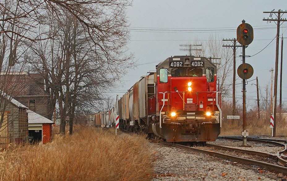 Picture by Aaron J Border, 31DEC2010. On New Year's Eve 2010, IORY SD40-2 4082 bring grain loads south across the CSX diamonds at Hamler for interchange here.
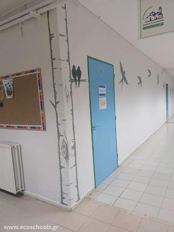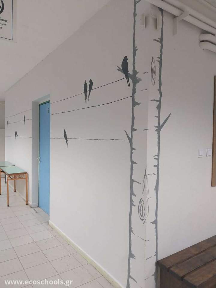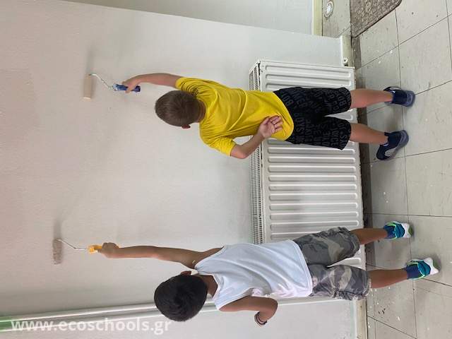 Μία από τις ενότητες που ανέλαβε το σχολείο μας για φέτος στα Οικολογικά Σχολεία (Δίκτυο Περιβαλλοντικής Εκπαίδευσης "Eco Schools") είναι σχετική με τη μείωση της σπατάλης της ηλεκτρικής ενέργεια. Με αυτήν την αφορμή, λοιπόν, ο Σύλλογος Γονέων και Κηδεμόνων, εκπαιδευτικοί και παιδιά έβαψαν το ισόγειο με ένα φωτεινό χρώμα, το οποίο είχε ως αποτέλεσμα ήδη να έχει ελαττωθεί η χρήση των ηλεκτρικών λαμπτήρων σε αυτόν τον χώρο. Η γραμματέας του Συλλόγου Γονέων ανέλαβε να διακοσμήσει μοναδικά και διακριτικά τον διάδρομο του ισογείου.
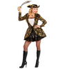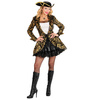 Frak z długim rękawem. Zdobionym pięknym złotym wzorem, guzikami oraz czarną koronką.
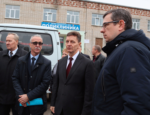 В Меленковской ЦРБ губернатора встречал директор облздрава Алексей Мозалёв и главврач Валерий Вишняков. Меленковскую ЦРБ ремонтируют уже три года – по мере поступления денег. На 10 млн рублей заменили крышу, установили пластиковые окна и двери. Теперь «осваивают» еще 3 миллиона. Губернатор прошел по больничным коридорам, мимо малярных дел мастериц, окрашивающих стены, «экологически чистой», как они заверили, краской.
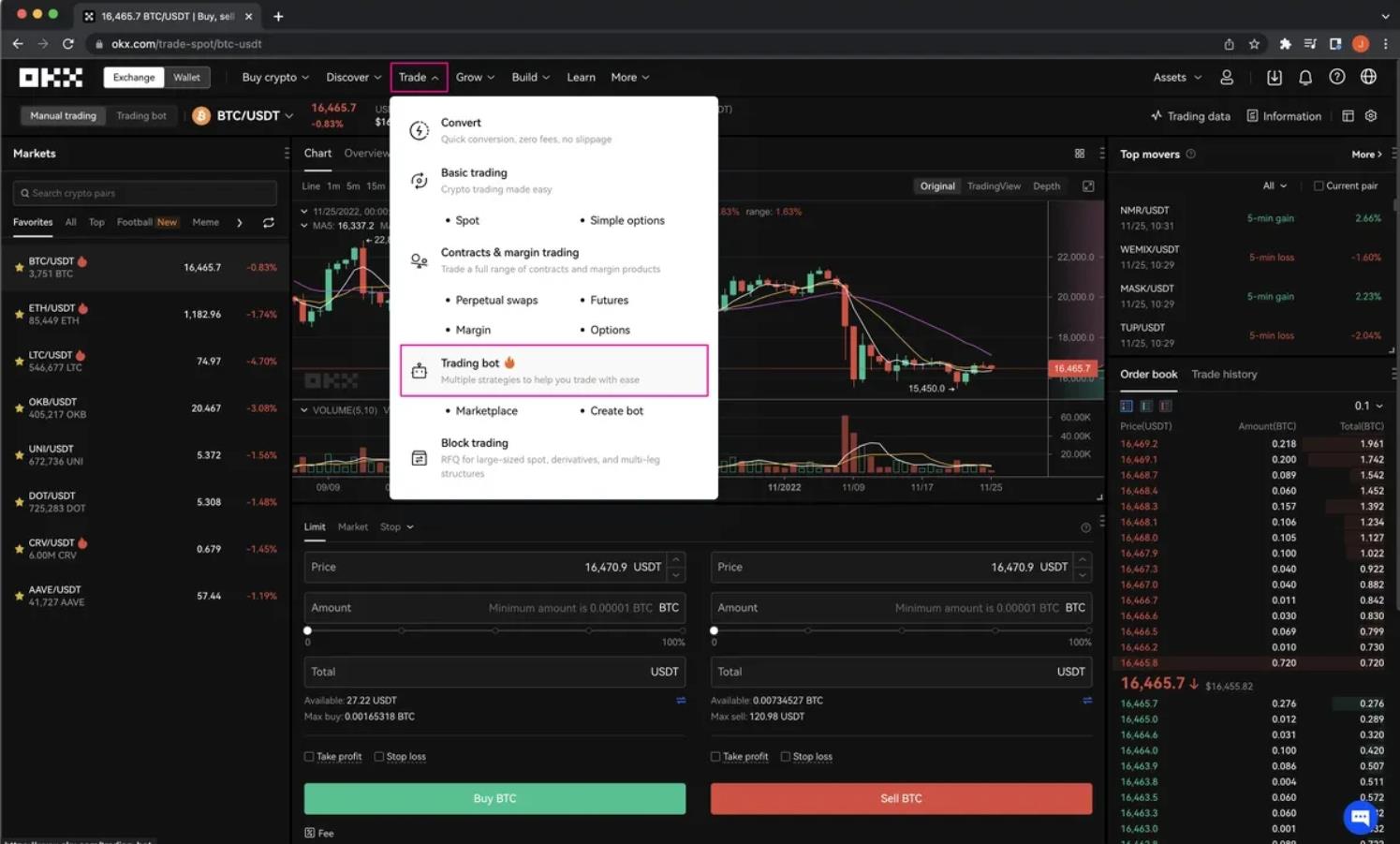 1.На панели навигации OKX откройте вкладку «Торговать» и нажмите на кнопку Торговый бот.
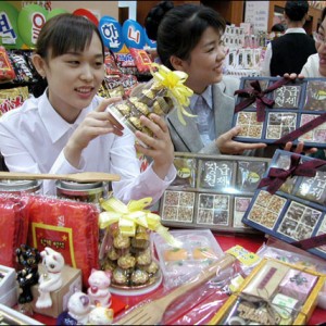 수능시험을 앞둔 신세계 백화점 강남점을 찾은 소비자들이 행운선물 전문매장에서 수능합격기원 초콜릿, 찹쌀떡 등을 고르고 있다
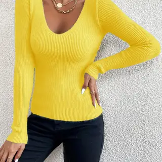 Winter Long Sleeved Knitting V-neck Pullover - Yellow
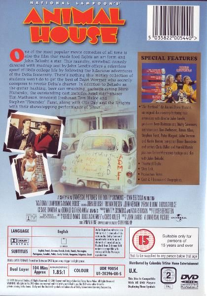 National Lampoon's Animal House is a movie about a fraternity at Faber College. This fraternity is known as the fraternity that accepts pledges that nobody else wants. The fraternity is also known for its raunchy parties. The dean is always trying to find ways of revoking the fraternity's charter by coming up with double secret probation. The fraternity members could care less about this and they go about drinking and chasing the women of the college and the town. When their charter is revoked, they retaliate by barging into the homecoming parade and basically destroying the town. The irony of the movie is that the fraternity members become doctors, senators and other famous people.
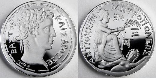 Jednym z numizmatów wybitych przez Mennicę Polską S.A. jest Stater Antiochii syryjskiej (27 p.n.e. - 14 n.e.), czyli srebrna moneta,
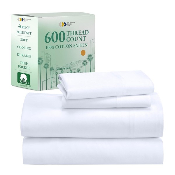 California Design Den King Sheet Set Extra Long 600TC Bright White Staple Cotton. Condition is New with tags. Shipped with USPS Ground Advantage.
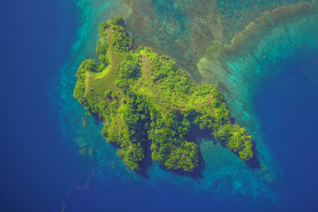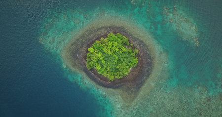 Fiji islands: Breathtaking aerial view capturing a lush tropical island surrounded by vibrant coral reefs in Fijis crystal clear turquoise waters. Wild nature travel landscape. Drone flight
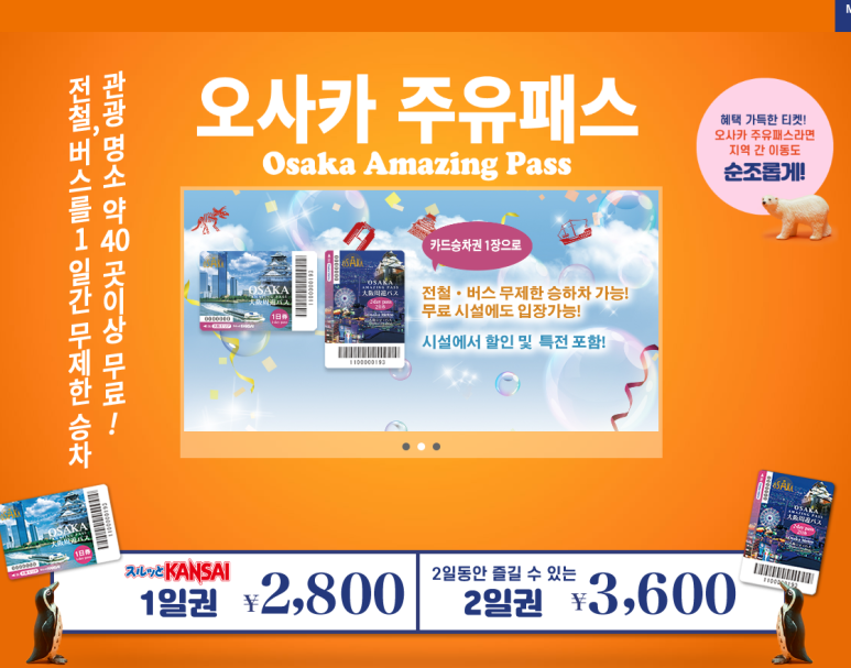 - 1일 패스(2,800엔): 이 패스는 구매한 날짜를 포함하여 24시간 동안 사용할 수 있습니다. 이 기간 동안 오사카 시내의 대중교통을 무제한으로 이용할 수 있으며, 또한 일부 관광지에 무료로 입장할 수 있습니다.
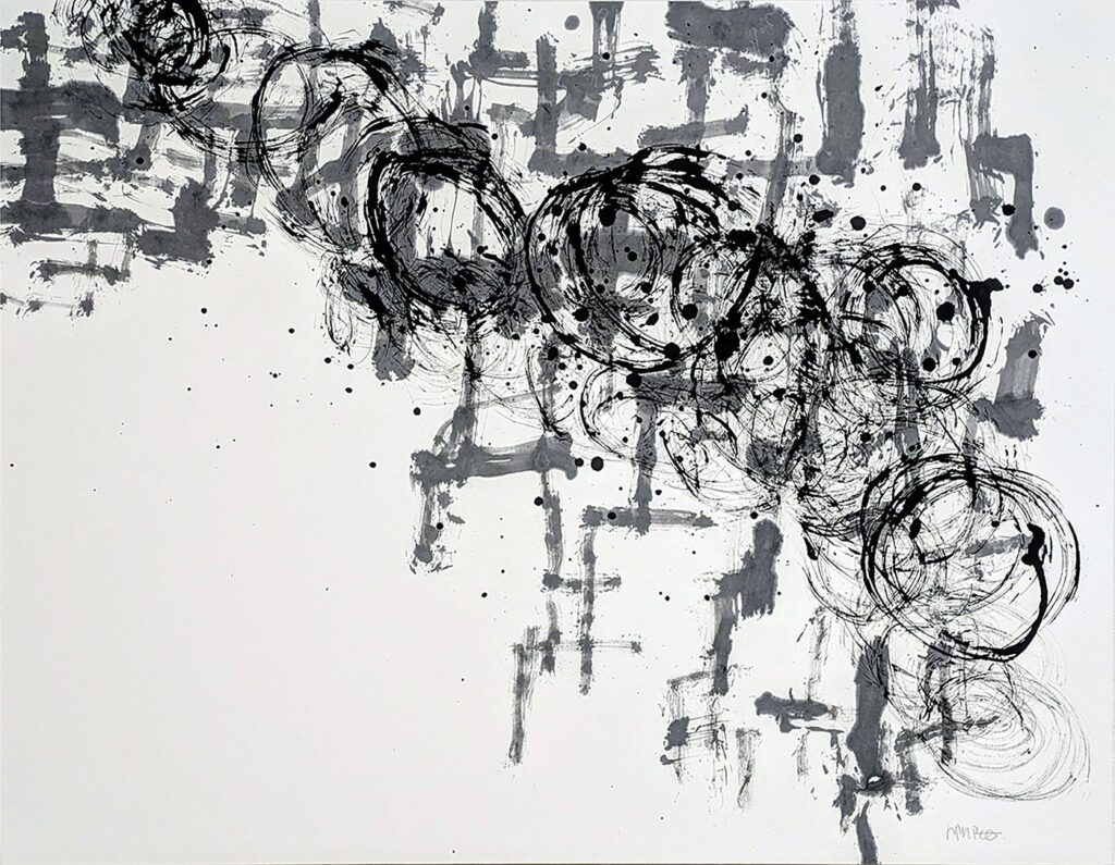 展示は、墨の滲みや掠れ、重なりといった現象を通じて、意味が立ち上がる直前の「深さ」そのものを提示することを目的としています。作品は墨と余白の関係や、静と動が同居する表現を軸に構成されます。
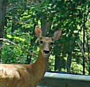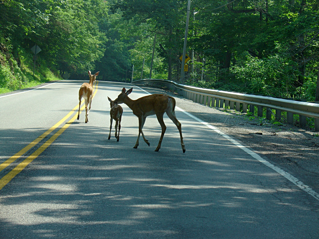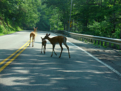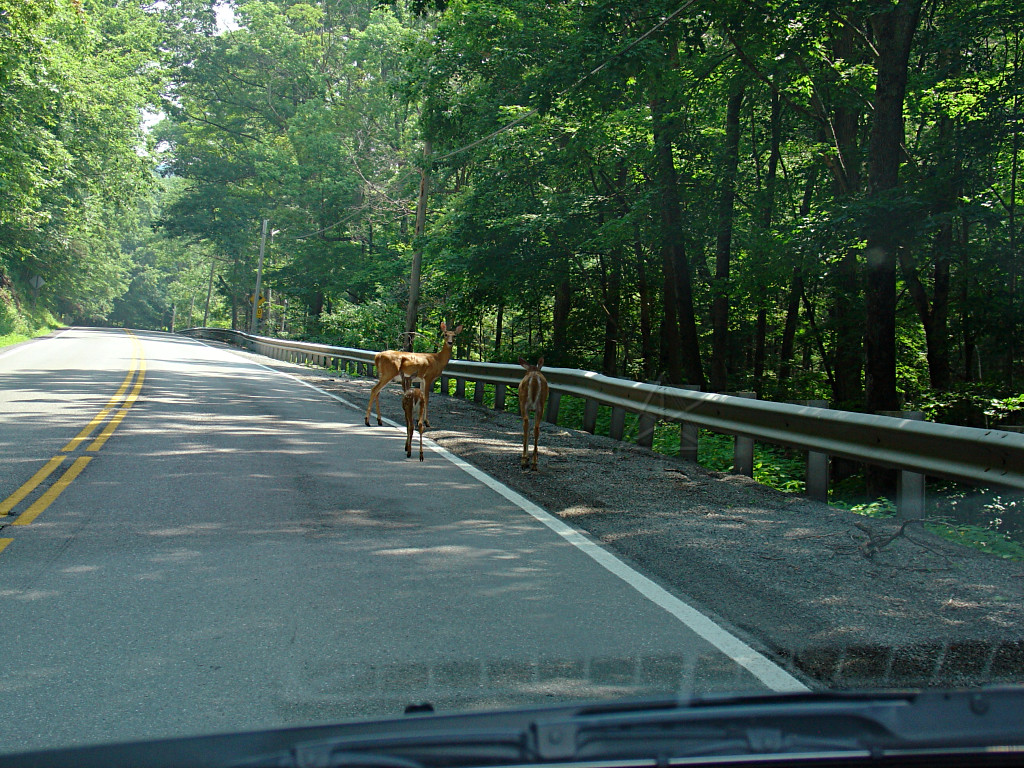 So I slowly chased them along the road under electric-only power a little ways, until they finally figured out that maybe they shouldn't be there. The mom and dad [?] managed to hop over the guardrail and down the bank; the fawn did a clumsy but amusing little squeeze underneath. Meanwhile I was ready on the high-beam lever to warn anyone coming down the other way, and kept half an eyeball on the rearview in case anyone came sailing up behind and needed a shot of the yuppie button to wake up and pay attention. I was nonetheless really glad I was on the way *up* during this encounter, or things may have gone quite differently. And glad that nobody else was coming down at the time either.

--

**Task:** Where an entry includes an image, leave that image out; otherwise, reproduce everything exactly.

**Answer for this exercise:**
 Picture by Aaron J Border, 31DEC2010. On New Year's Eve 2010, IORY SD40-2 4082 bring grain loads south across the CSX diamonds at Hamler for interchange here.
 Μία από τις ενότητες που ανέλαβε το σχολείο μας για φέτος στα Οικολογικά Σχολεία (Δίκτυο Περιβαλλοντικής Εκπαίδευσης "Eco Schools") είναι σχετική με τη μείωση της σπατάλης της ηλεκτρικής ενέργεια. Με αυτήν την αφορμή, λοιπόν, ο Σύλλογος Γονέων και Κηδεμόνων, εκπαιδευτικοί και παιδιά έβαψαν το ισόγειο με ένα φωτεινό χρώμα, το οποίο είχε ως αποτέλεσμα ήδη να έχει ελαττωθεί η χρήση των ηλεκτρικών λαμπτήρων σε αυτόν τον χώρο. Η γραμματέας του Συλλόγου Γονέων ανέλαβε να διακοσμήσει μοναδικά και διακριτικά τον διάδρομο του ισογείου.
 Frak z długim rękawem. Zdobionym pięknym złotym wzorem, guzikami oraz czarną koronką.
 В Меленковской ЦРБ губернатора встречал директор облздрава Алексей Мозалёв и главврач Валерий Вишняков. Меленковскую ЦРБ ремонтируют уже три года – по мере поступления денег. На 10 млн рублей заменили крышу, установили пластиковые окна и двери. Теперь «осваивают» еще 3 миллиона. Губернатор прошел по больничным коридорам, мимо малярных дел мастериц, окрашивающих стены, «экологически чистой», как они заверили, краской.
 1.На панели навигации OKX откройте вкладку «Торговать» и нажмите на кнопку Торговый бот.
 수능시험을 앞둔 신세계 백화점 강남점을 찾은 소비자들이 행운선물 전문매장에서 수능합격기원 초콜릿, 찹쌀떡 등을 고르고 있다
 Winter Long Sleeved Knitting V-neck Pullover - Yellow
 National Lampoon's Animal House is a movie about a fraternity at Faber College. This fraternity is known as the fraternity that accepts pledges that nobody else wants. The fraternity is also known for its raunchy parties. The dean is always trying to find ways of revoking the fraternity's charter by coming up with double secret probation. The fraternity members could care less about this and they go about drinking and chasing the women of the college and the town. When their charter is revoked, they retaliate by barging into the homecoming parade and basically destroying the town. The irony of the movie is that the fraternity members become doctors, senators and other famous people.
 Jednym z numizmatów wybitych przez Mennicę Polską S.A. jest Stater Antiochii syryjskiej (27 p.n.e. - 14 n.e.), czyli srebrna moneta,
 California Design Den King Sheet Set Extra Long 600TC Bright White Staple Cotton. Condition is New with tags. Shipped with USPS Ground Advantage.
 Fiji islands: Breathtaking aerial view capturing a lush tropical island surrounded by vibrant coral reefs in Fijis crystal clear turquoise waters. Wild nature travel landscape. Drone flight
 - 1일 패스(2,800엔): 이 패스는 구매한 날짜를 포함하여 24시간 동안 사용할 수 있습니다. 이 기간 동안 오사카 시내의 대중교통을 무제한으로 이용할 수 있으며, 또한 일부 관광지에 무료로 입장할 수 있습니다.
 展示は、墨の滲みや掠れ、重なりといった現象を通じて、意味が立ち上がる直前の「深さ」そのものを提示することを目的としています。作品は墨と余白の関係や、静と動が同居する表現を軸に構成されます。
 So I slowly chased them along the road under electric-only power a little ways, until they finally figured out that maybe they shouldn't be there. The mom and dad [?] managed to hop over the guardrail and down the bank; the fawn did a clumsy but amusing little squeeze underneath. Meanwhile I was ready on the high-beam lever to warn anyone coming down the other way, and kept half an eyeball on the rearview in case anyone came sailing up behind and needed a shot of the yuppie button to wake up and pay attention. I was nonetheless really glad I was on the way *up* during this encounter, or things may have gone quite differently. And glad that nobody else was coming down at the time either.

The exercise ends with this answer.